I nodded. It was slightly surreal to speak so openly about money when I was accustomed to considering it the worst possible topic. It was like going to the gynecologist, which I started doing in college-how embarrassed and apologetic I’d feel about the fact that my vagina was in the doctor’s face and how it was both liberating and just weird to remember that there really wasn’t anything to hide, that exposing my vagina was why I was there.
“You can sit here awhile if you want to get collected,” Mrs. Stanchak said.
“That’s all right.” I stood. In equal parts, I was mortified that I had started crying, and I wanted to leave her office while I still looked teary, because maybe Cross would see me and think I had been crying about something that mattered and then I would seem intriguing. “Thank you, Mrs. Stanchak,” I said.
“Thank you, Lee. Do you know why I’m thanking you?”
I shook my head.
“Because you’re the one who’s going to get yourself into college.”
That morning, I’d received a note in my mailbox from Dean Fletcher reprimanding me for missing Sunday chapel and instructing me to report to the dining hall at five p.m. for table wipes, which was basically predinner cleanup. After soccer practice, I walked with wet hair from the gym to the dining hall. I’d never received table wipes before, and I was possibly the only senior who could make this claim, including Martha. As I headed around the circle, the air smelled like burning leaves and the campus was shot with that amber light you see only in the fall, and I felt, as I often did at Ault, both as if I were undeserving and as if the beauty around me was not really mine.

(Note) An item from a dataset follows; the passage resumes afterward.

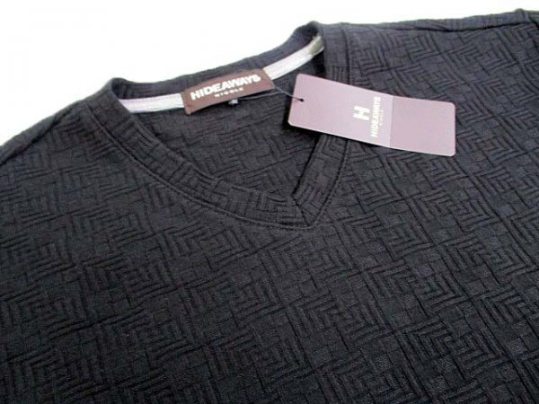 新作★50(LL)★\8690〓HIDEAWAYS by NICOLEニコル〓幾何学柄風ジャガード長袖VネックTシャツblack

Just before I stepped from the outer hall into the dining room, I heard Cross’s voice, felt a wave of shock, and considered turning around. I shouldn’t have been shocked at all-in addition to being the senior prefect, Cross was one of the three dining hall prefects, and apparently this was his night on duty.
I entered the dining room, where about twenty students were wiping the tables and setting down cloths. Cross was holding a sheet of paper and a pen and laughing while he spoke to two sophomore guys. Even when I was three or four feet away, he did not seem to notice me. “Excuse me, Cross,” I said.